# Confused: converting from Lightroom CC to Lightroom classic



## matthewwprior (Sep 13, 2019)

I see a lot of questions about converting from Lightroom classic to cc but my problem goes the other way. I'm trying to figure out how to go from cc to classic.

I started out with cc a few months ago and am loving Lightroom, but I really want the extra capabilities of classic. I've converted my subscription from Lightroom with 1TB to photography package with 20gb (I didn't go with photography with 1gb because of the cost) now I'm trying to figure out how to convert my photo set over. I have 44k photos, Lightroom CC was working from a version stored in the adobe cloud, but I also have Lightroom CC storing originals on a ssd (which is backed up with amazon prime cloud).

Given that I won't have 1TB of cloud storage after the end of the month I should build my LR catalog from the ssd, is this correct?

If work from the ssd will I keep all of my edits I have make in Lightroom CC? Do I need to bring the cc catalog file in? Is there even a cc catalog file I can grab?

Working from the photos on the ssd, should I still keep the catalog file on the PC drive?

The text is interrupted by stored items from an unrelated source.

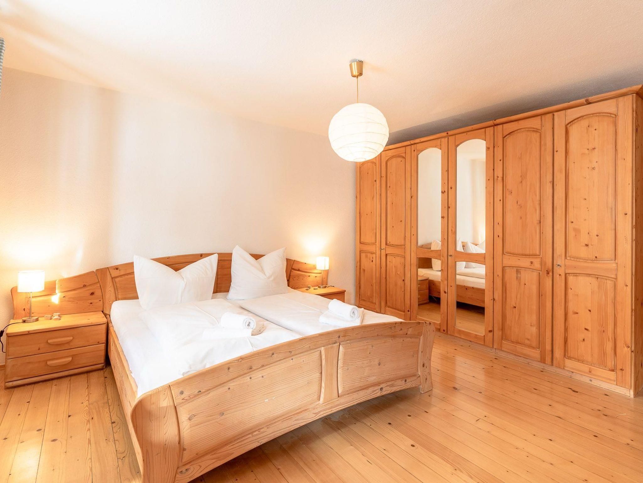 Das 1. Schlafzimmer verfügt über ein Doppelbett und ist im gemütlichen Landhausstil eingerichtet. Der große Kleiderschrank bietet außerdem viel Platz für Ihre Urlaubsgarderobe.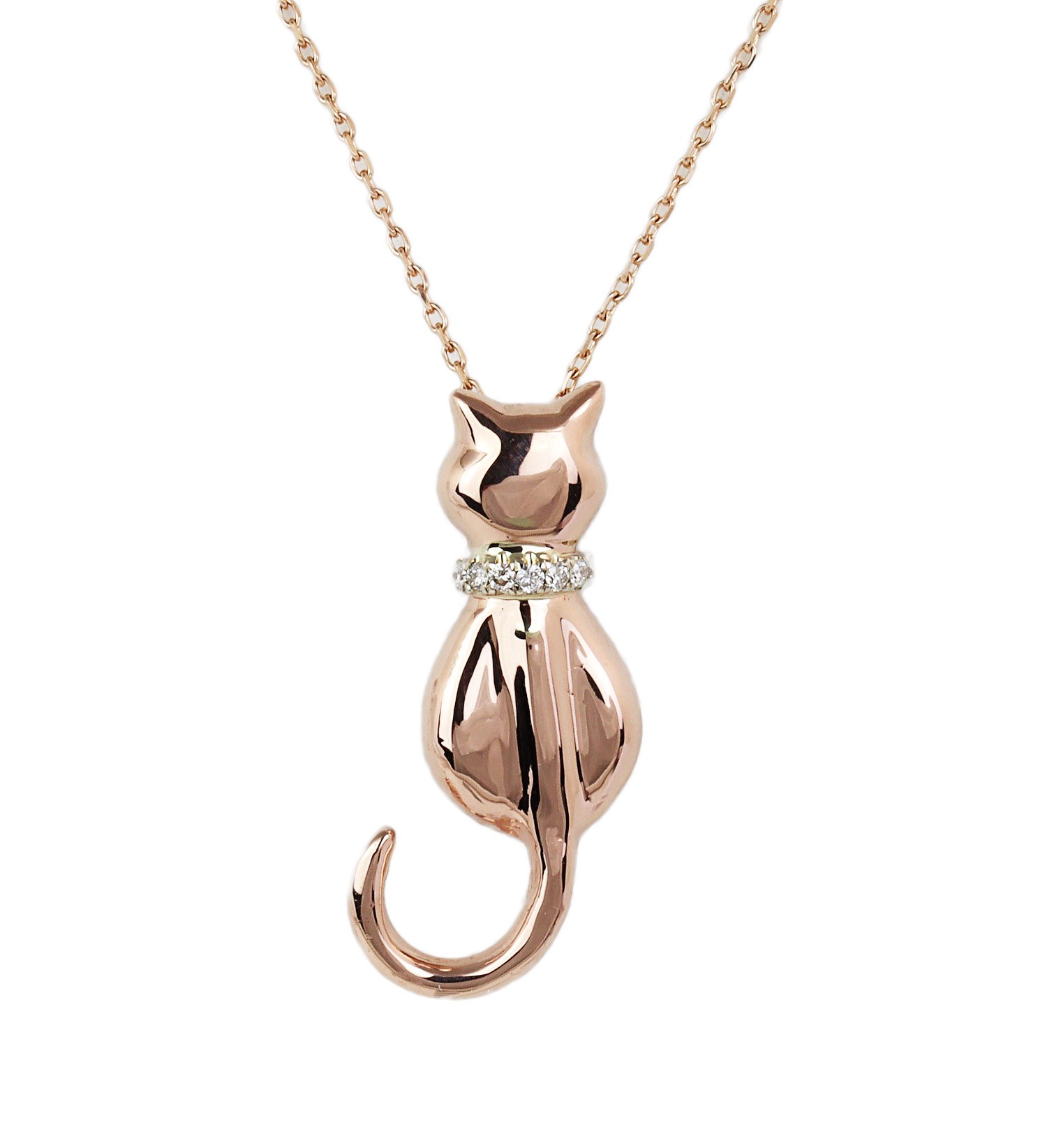 14k rose gold necklace featuring a cat pendant containing diamonds which amount to approximately 0.05 carat TW (SI1-SI2 clarity/H-I-J color). The pendant measures 27mm tall, 9mm at the widest, the chain is 18″ long, and total weight is 3.6 grams.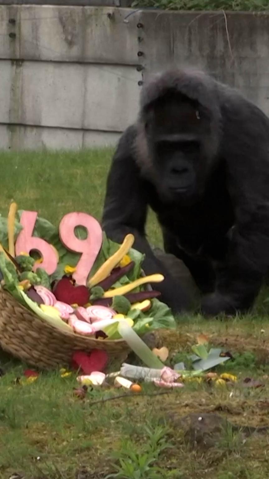 Fatou, the world's oldest known gorilla, celebrates her 69th birthday with a vegetable basket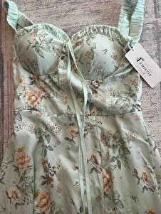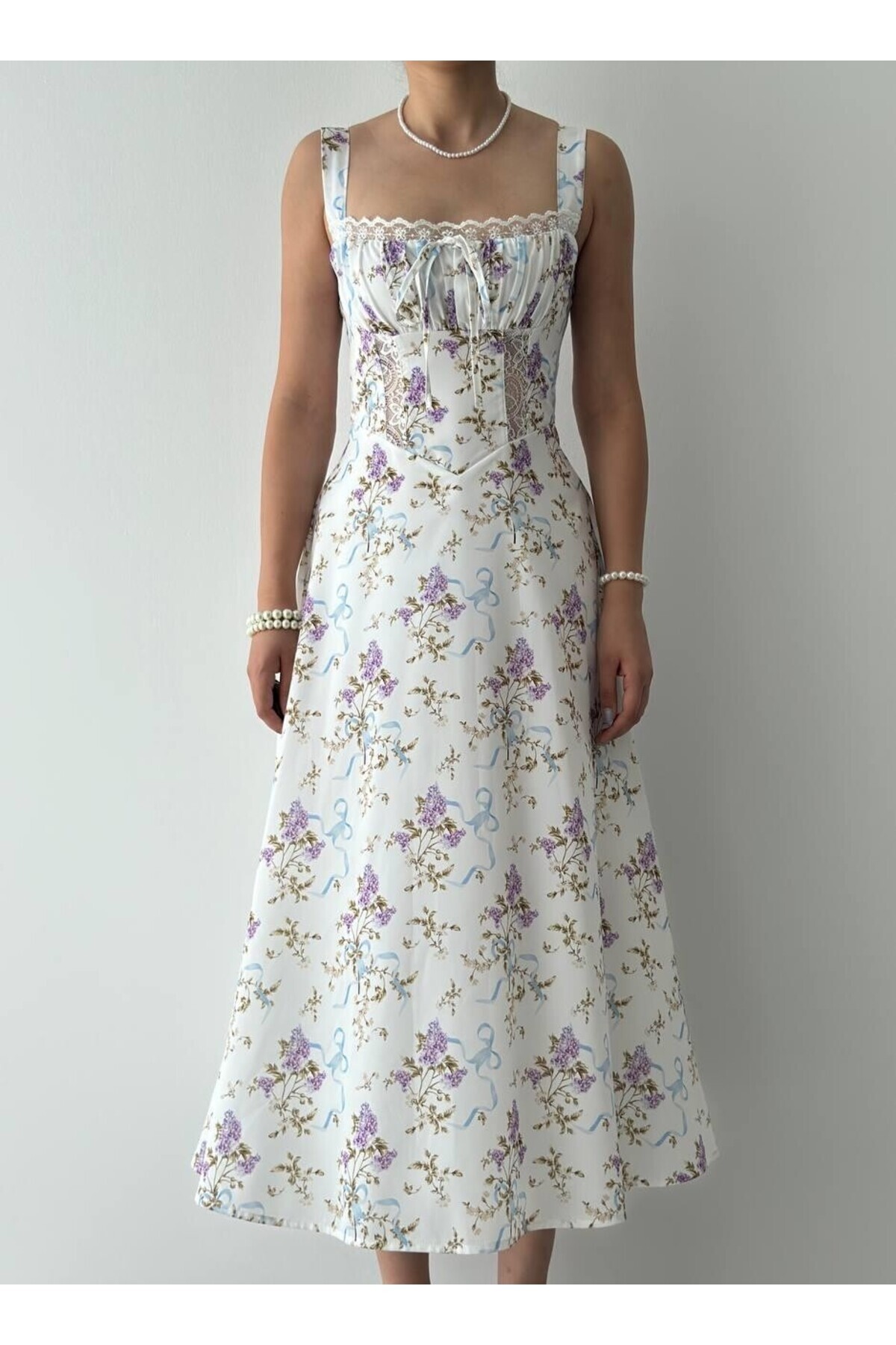 Kadın Çiçekli Midi Boy Yırtmaçlı Elbise Kadın Çiçekli Midi Boy Yırtmaçlı Elbise ELB-25Y-1005 L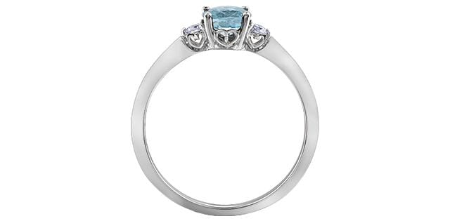 14 Karat White Gold Aquamarine, Canadian Diamond Ring. 0.08 Carat Total Diamond Weight.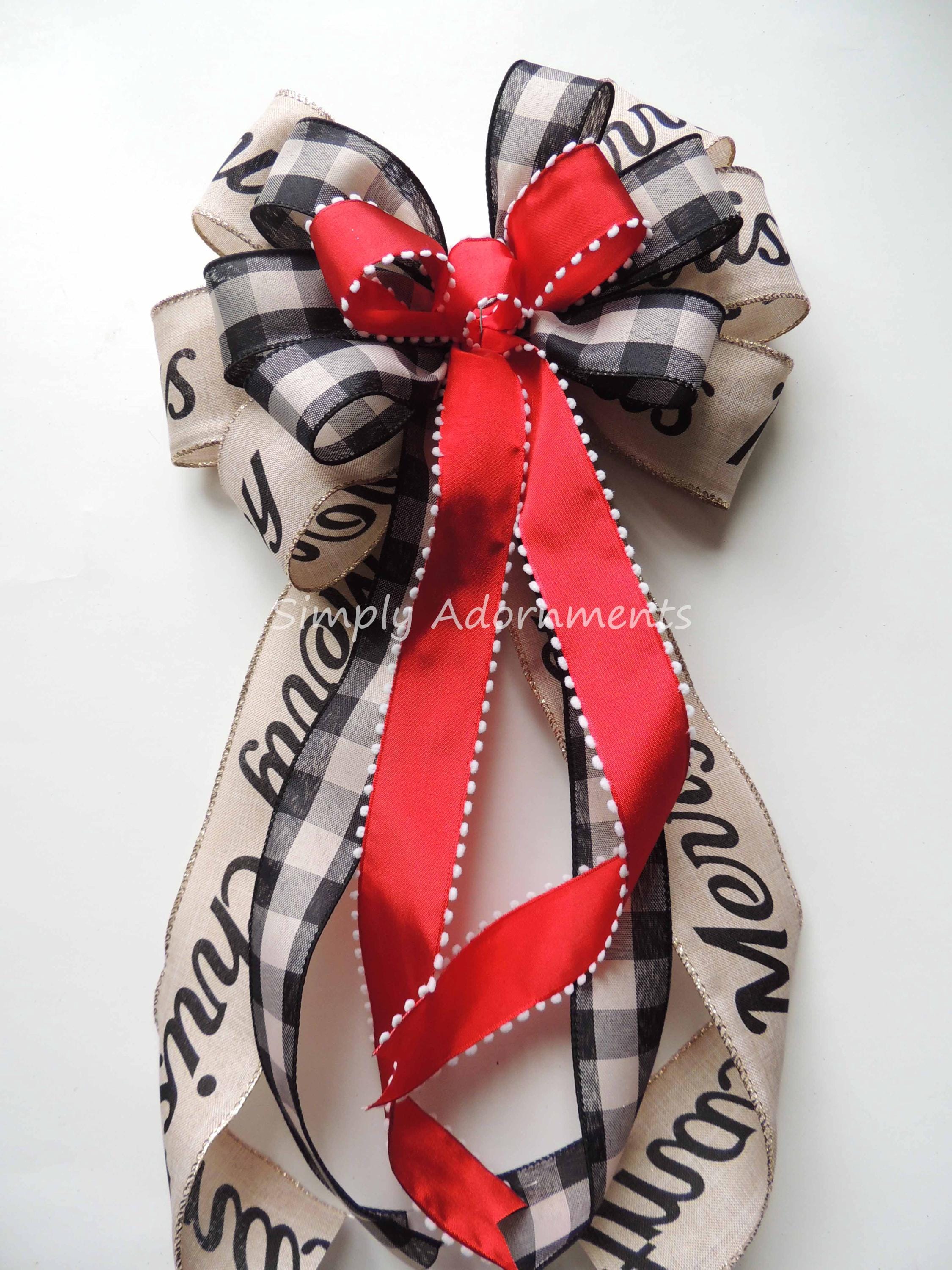 The black buffalo bow is create with three wired ribbons: two ribbon is 1.5" wide black tan buffalo check and one 2.5" ribbon is "MERRY CHRISTMAS" scripts on tan with gold trim wired ribbon. For this particular bow, it has 6 varying length streamers, two of each type of ribbons, with length measuring from the top of the bow to the end of its streamers. Please select the bow size before checking out.

If I am working with the ssd what can I use Lightroom CC for?

Sorry about all the questions, I'm really confused.


----------



## clee01l (Sep 13, 2019)

All of the information collected on images in the Cloudy version of Lightroom is stored in the cloud.    The Lightroom Classic uses a local catalog file  to store all of the information collected on images.   Once you have Lightroom Classic installed, all you should need to do is create a new empty catalog and start sync'ing with the Cloud.   This should Download all of the images and the information collected on images.    You would need to do this before your subscription plan reverts to 20GB of cloud storage. 

There may be others with more experience in this regard since I have only worked from the Classic version using the Cloud Version for mobile  devices.


----------



## Jim Wilde (Sep 14, 2019)

There are two main ways of converting to Classic from Lightroom:

1. As Cletus mentioned, install Classic and create a new empty catalog. Set this catalog to sync with the cloud and all the existing cloud images will download into the Classic catalog (and thus onto your hard drive). Care: before enabling sync in the Classic catalog, visit the Classic Preferences>Lightroom Sync tab to adjust the download location for the cloud images if needed....the default is a single folder in the user's Pictures folder, but you can set a different location for that location if you prefer (e.g. on an external drive or different internal drive). There is also a setting which you can use to have Classic store the downloaded images into one of the standard capture date-based folder schemes, which is a lot better than all in a single folder.

All the existing Albums in Lightroom will be recreated as Collections in Classic, though Album Folders in Lightroom will not sync to corresponding Collection Sets in Classic, they would have to be created manually if desired. The main downside of using this "migration" method is that some data which you may have entered into Lightroom will be lost, specifically Keywords and Location data (but GPS info will sync, just not any location data you may have entered), and any face tagging that has been done in Lightroom will also not transfer so you'd have to go through Classic's face recognition process to redo the work if you use face tagging.

2. The other method is to use the Adobe Downloader, a tool which is specifically available when a user wants to exit their subscription and needs to retrieve their data from the cloud. Using this method the images are downloaded into a date-based folder structure in the local location that you specify. From there you would import those images into the new empty Classic catalog.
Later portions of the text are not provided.